Last month, I frowned on those who are drawn to the vagabond, rootless lifestyle, who think it is ideal to move from hotel room to hotel room. Guess what? I've joined them. Life is goofy that way.
After my mother-in-law threatened to stab me more than ten times, I left Saigon and stayed in Vung Tau for over a month. Days ago, I took a 11-hour bus ride to Ea Kly, where I still had my stuff. Arriving at 3AM, I was out of that hill town by 6:30. With a backpack and two bags, I paid $4 to travel 88 miles to Nha Trang, via two vans. You can't even go half a mile in a NYC cab on that.
In the first van, our legroom was severely trimmed by bundles of bamboo rods, laid on the floor. It was a delivery vehicle as much as a passenger one. At one stop, a bag of iced chicken was left at a restaurant, for that day's lunch. A Rade man bargained his fare from $1.25 down to 85 cents. When an old lady got off, she also knocked off her fare by a third, "Ten thousand are enough for auntie." The driver just chuckled. He couldn't chase her down and tackle her to the ground.
"There is no discount, uncle. We're already the cheapest."

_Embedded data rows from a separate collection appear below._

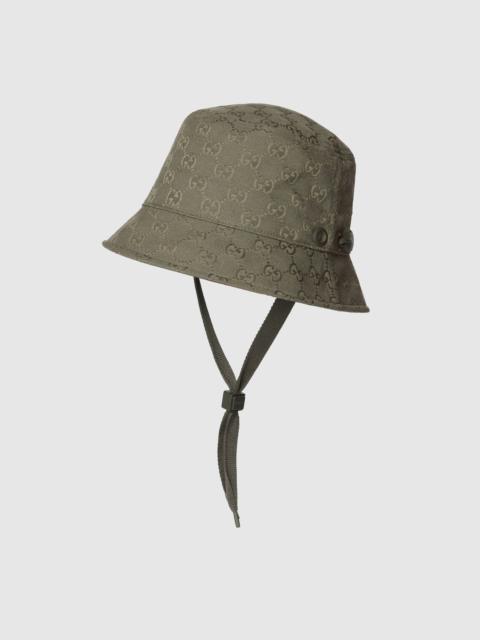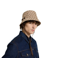 The Pre-Fall 2025 soft accessories collection animate House codes through sophisticated trimmings, logo patches and subtle embroideries. This bucket hat has been crafted from a GG canvas and is completed with a laced chin tie. - Beige and dark brown GG canvas - Unlined - Eyelet detail - Laced chin tie - Made in Italy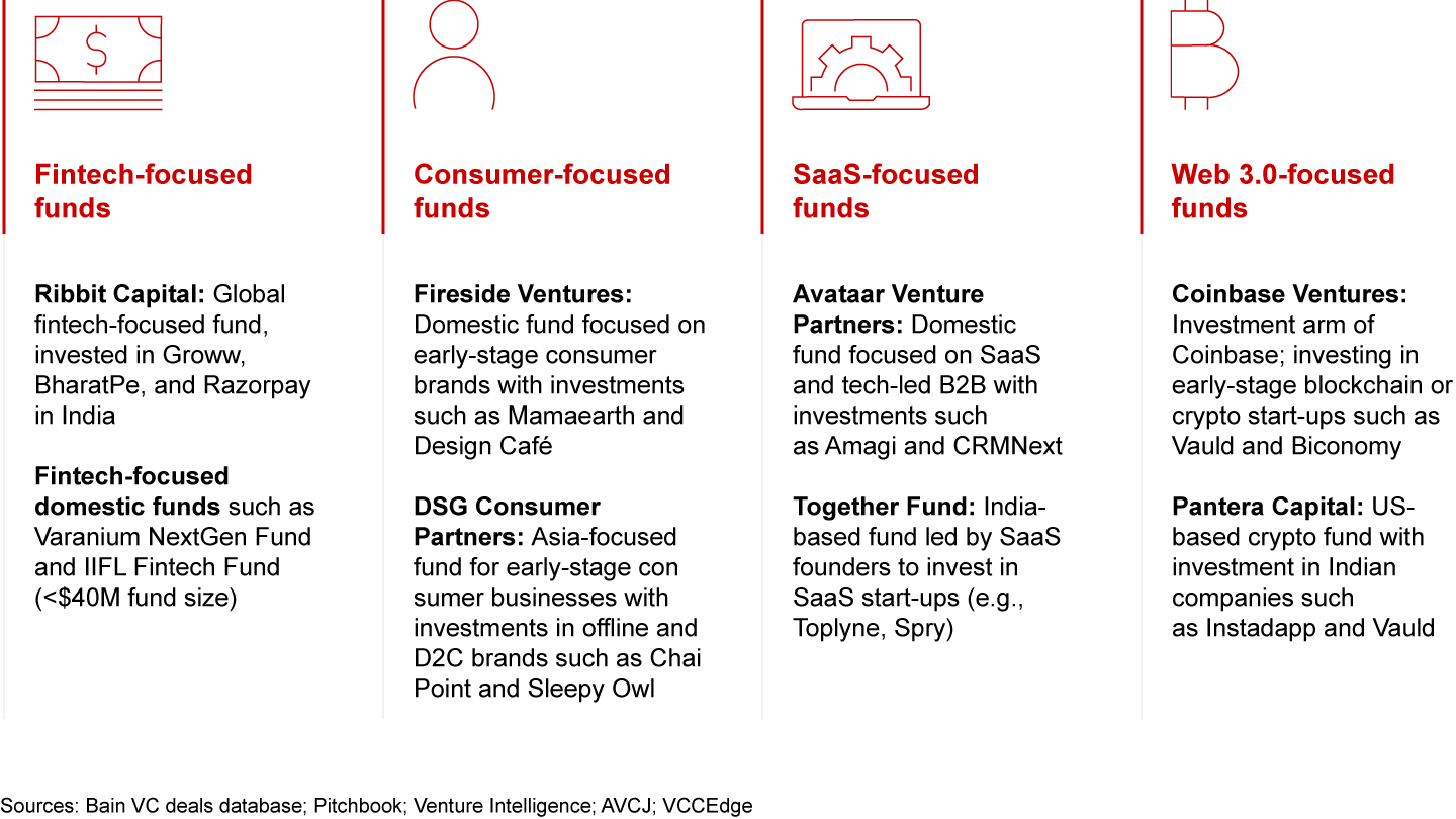 New investors made significant inroads into India in 2021: (a) several Tier 1 global VCs and crossover funds (e.g., Technology Crossover Ventures [TCV] and Dragoneer Investment Group) made large investments, (b) emerging domestic VCs gained presence (e.g., 3one4 Capital), and (c) global sovereign funds (e.g., Abu Dhabi Developmental Holding Company [ADQ], Qatar Investment Authority [QIA]) made direct investments. Sector-focused global and domestic funds doubled down (e.g., Ribbit Capital in fintech or DSG Consumer Partners in consumer tech). Further, traditional PE funds such as KKR or Warburg Pincus also demonstrated an increasing focus on growth equity deals. Most funds have also forayed into offering several portfolio advisory services spanning from recruitment to business development to help differentiate their capital.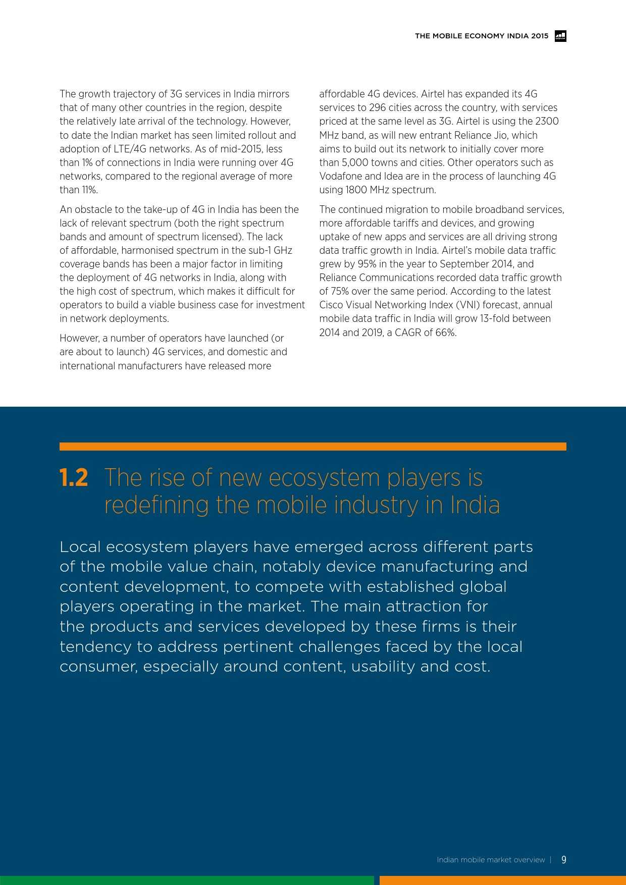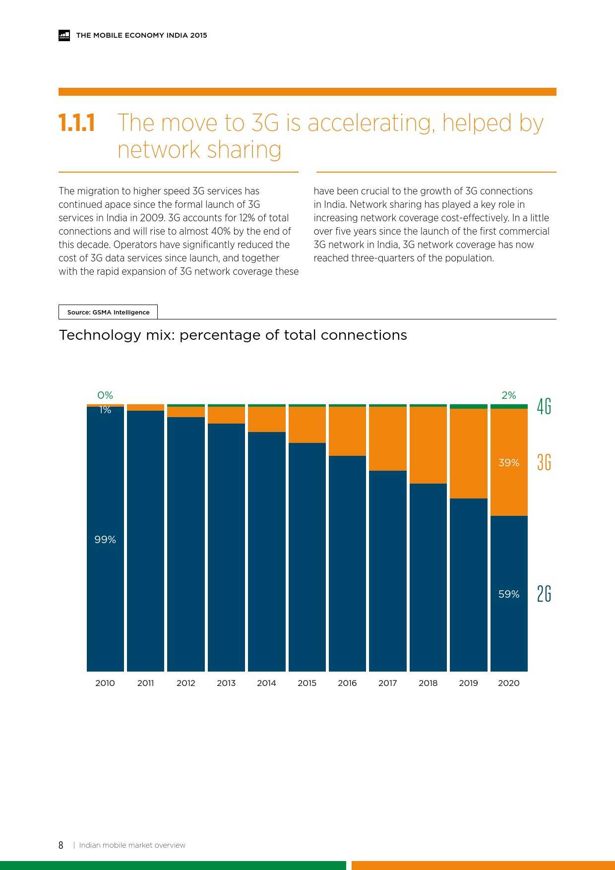 尽管印度只在2009年推出3G服务及4G部署处于早期阶段,但未来几年,该国将加快向移动宽带网络的迁移步伐。2014年,移动宽带网络(3G/4G)仅占印度移动连接1的11%,然而,到2020年这一数字预计将达到总连接数的42%。自推出首个商用3G网络以来的五年多时间里,印度移动运营商已将3G网络覆盖范围扩大到涵盖该国四分之三的人口。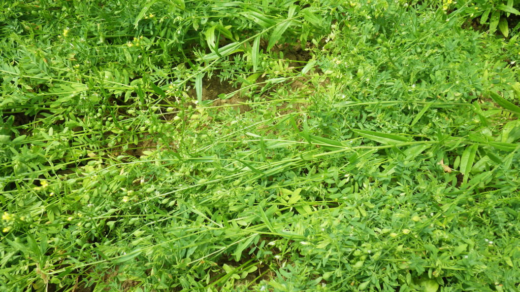 Philippe Guichard aime expérimenter plusieurs associations de cultures et recherche une efficacité agronomique et économique. Auparavant, il a testé plusieurs associations comme de la féverole avec du tournesol, du blé dans du trèfle, de l’épeautre dans de la luzerne… tout ce qui regroupe des céréales dans des légumineuses ! Cette année, il associe la lentille avec la cameline et le pois avec l’orge.
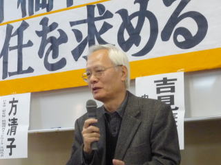 中国人強制連行受難者追悼会の冠木克彦弁護士から、特定秘密保護法についての特別アピールがありました。安全保障の問題にとどまらず、戦争責任を追及する者にとっても事実が隠蔽されるということ、そして市民運動の活動が制限され、また密告社会になる危険を指摘しました。集会後まもなくして、特定秘密保護法は成立しましたが、日本軍「慰安婦」問題と同様、闘いはまだ終わっているわけではありません。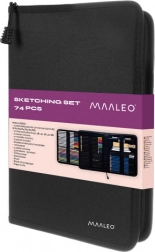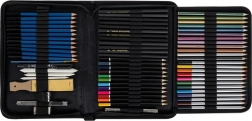 Komplet skitsesæt med 74 dele i et elegant sort tekstiletui med lynlås og rem. Takket være den faste organisering med elastiske stropper har hvert værktøj sin plads, så transport og opbevaring er nemt. Velegnet til begyndere og øvede, til hjemmet, skolen og tegnekurser. Et fantastisk gave-tip til alle, der elsker at tegne og male.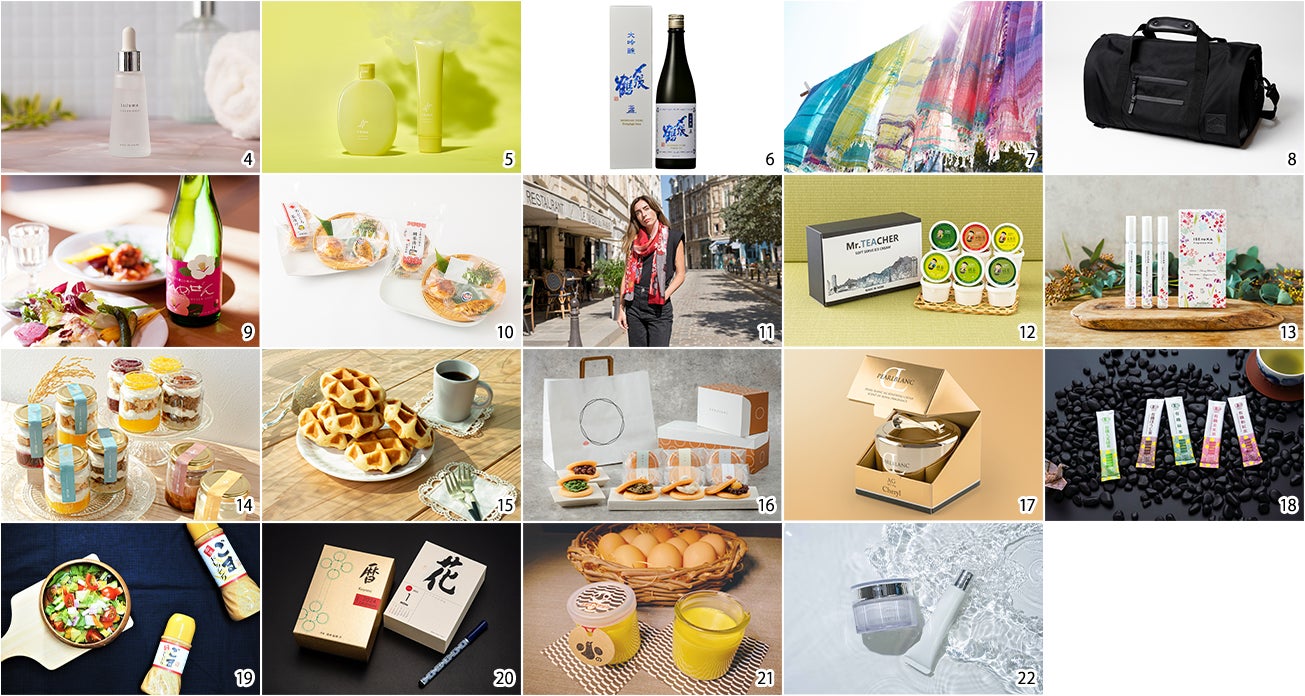全受賞対象のうち特に評価の高かった対象に贈られる「最高金賞」に選ばれたのは、株式会社丸モ高木陶器の「日本旅和膳シリーズ」、株式会社シンギの「時空食堂 冷凍駅弁おにぎり」、アイディーテンジャパン株式会社の「KURA ONE 小容量アルミ缶日本酒」の3対象となりました。「地域創生賞」には、地域に伝わる伝統的な調味料をブラッシュアップした、ほうとう研究所(株式会社クリエイティブリゾート)の「ほうとう研究所 すりだね」が選出されました。「サステナブル賞」には、環境保全と安全性への取り組みが光る、株式会社ミネラリストの「bambina竹炭ミネラル洗濯洗剤」、住友商事株式会社が提供するインバウンド向け衣料シェアリングサービス「Any Wear, Anywhere」が選出されました。

And they are. In the lobby, four mismatched, ratty couches line one wall, where staff and guests often lie. Wrapped in a mangy blanket, a dark and skeletal young man sleeps dreamlessly with his mouth half open. Next to him on the floor, there's a full ashtray and an empty can of Saigon Beer, lying on its side. It's a war zone, minus the moaning and blood. A sign lists a thicket of rules in Vietnamese and English, including "No prostitutes to bring in here."
I have two beds to myself. Why can't the CIA send me al pronto two or even three Swedes? With nothing to lose, I'm ready to be entrapped. "I love you both equally, Astrid and Ingrid, but one thing at a time, please. I only have four balls and three strikes left." I'm swinging.
Water pressure in the bathroom sink barely exists, and the toilet must be flushed at least twice each time. All fixtures and porcelain are so old, they look suspect even when clean, but hey, I'm in a great location, right downtown. I even have a pseudo balcony that's useful for hanging laundry, which I wash by hands, in the morose, I've seen it all sink. He, too, is on his last legs.
Every shelf tilts outward. Nothing is level in this room, but it's probably better this way, to remind you that life isn't fair. The paint job was likely done by a blind, depressed, arthritic and distracted monkey, but I'm sure he tried his best. All you can ask for is love.
In Brussels in 2003, I had a musty room near the train station, in a hotel mainly patronized by morose and prune faced Arabs. Two years later, my wife and I somehow survived three nights in Edinburgh's Three Sisters, where all through the early hours, drunkards howled, laughed and staggered in the hallway, just outside our thin door. We felt like these blokes and birds were all in the same room with us. Worse, the bed was so lumpy, we had to sleep on the floor. It was a lovely city, though, one of my favorites.
In El Paso in 2006, I paid $35 for a room with no toilet at the dingy Gardner Hotel (where John Dillinger once stayed!). My sheet had cigarette holes.
Compared to all that, my Nha Trang suite is a Medici Palace, and who knows, maybe some Vietnamese gangster once slept here as well.
Twenty years ago, I had my beat-up glasses stolen on the beach in Nha Trang. Life was desperate then. This city is now a stylish resort attracting throngs of tourists, mostly Russians and Chinese.
White T-shirt on a tallish Chinese, "WE ALL START OUT AS STRANGERS." Another dude, "BEAUTIFUL HELL," with a beach scene, crudely sketched in black.